Personally my sense is that taking this as a powerful argument against the death penalty proves too much or too little. I would doubt that the rate of executions of people innocent of their crimes is more than a few percent of the rate of deaths in prison (and due to imprisonment) of people wrongly convicted and given non-capital sentences. The state is just a culpable in the deaths of these innocents and they are just as insusceptible to compensation.

Similarly I'd expect that the rate of wrongful executions is a tiny fraction perhaps less than 1 in 10,000 of the number of innocents who are raped in prison.
They are not innocents when they leave regardless of their lack of guilt for their crimes on entry.

If we are going to have a penal system anything like what we have had for the past century or more, then wrongful capital punishment is only a tiny fraction of the irredeemable damage that we will do innocents. It would certainly be of interest if there is any way to estimate these numbers but that seems unlikely and I am unaware of one. Regardless any rational discussion of the moral cost of our justice system cannot ignore these cases.

If we are willing to suffer this -- and I suspect we are -- then I think the issues of wrongful capital punishment is a sadly small augmentation of a much larger moral burden.

jr565 said...

CBS is going to put out a new show called CSI: NA.
No longer available.

jr565 said...

It would also be an argument against imprisonment. You can get murdered or raped in prison.
Also, if we are now discounting forensics, what will people use to contest your wrongful imprisonment?

damikesc said...

I have no issue with the death penalty in theory, but I no longer want it used as a practical matter.

I'm the same. I don't trust the government to do ANYTHING competently. Including kill the guilty.

Darrell said...

Yet any Probate judge could put Terri Schiavo to death--denting water and food-- without a mandatory appeal or a second bite at the apple. Let's pray there is a Hell and that we aren't living in it right now.

Bleach Drinkers Curing Coronavirus Together said...

"Obviously, this is also an argument against the death penalty when the conviction is based in whole or in part on testimony by FBI experts in those areas now being questioned."
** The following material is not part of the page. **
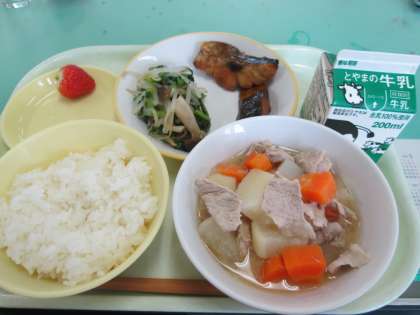 本日の献立は、鰺のみりん焼き、小松菜としめじのおひたし、大根のみそ煮込み、いちごです。

Yes, because we should just presume that all other forensics procedures and experts and witnesses and parties are just impeccable and can never give way to the rendering of a judgment of something other than perfect justice. Especially when it comes to the state depriving someone of their life.

Totally Texas.

tds said...

Obviously, this is also an argument against the death penalty. Once a person has been put to death, it is impossible to bring him back, no matter how clear once-imperceptible errors have become. Years spent in prison are also irretrievable,

Completely opposite. Lack of death penalty will just make justice more lax in sending people to prison for life-long sentences. Life-long anal sex in a heavy-security prison does not strike me as particularly humane.

The fix would be heavy penalties administered to judges, prosecutors, experts, witnesses who sentence without proper evidence. Even to the level of a death penalty.

PS Worth checking what will happen to FBI experts in this case, and FBI officials responsible for labs oversight.

Brent said...

"Obviously, this is also an argument against the death penalty. Once a person has been put to death, it is impossible to bring him back, no matter how clear once-imperceptible errors have become. Years spent in prison are also irretrievable, but as long as the convict is alive, we can take action at the point when we are able to see that action is morally required."

I am not sure it is so obvious. It is more humane to lock someone up for decades than to kill him? I think most people's initial reaction is of course. But, I know if I were given the choice, I would prefer death. I doubt I am alone in this regard.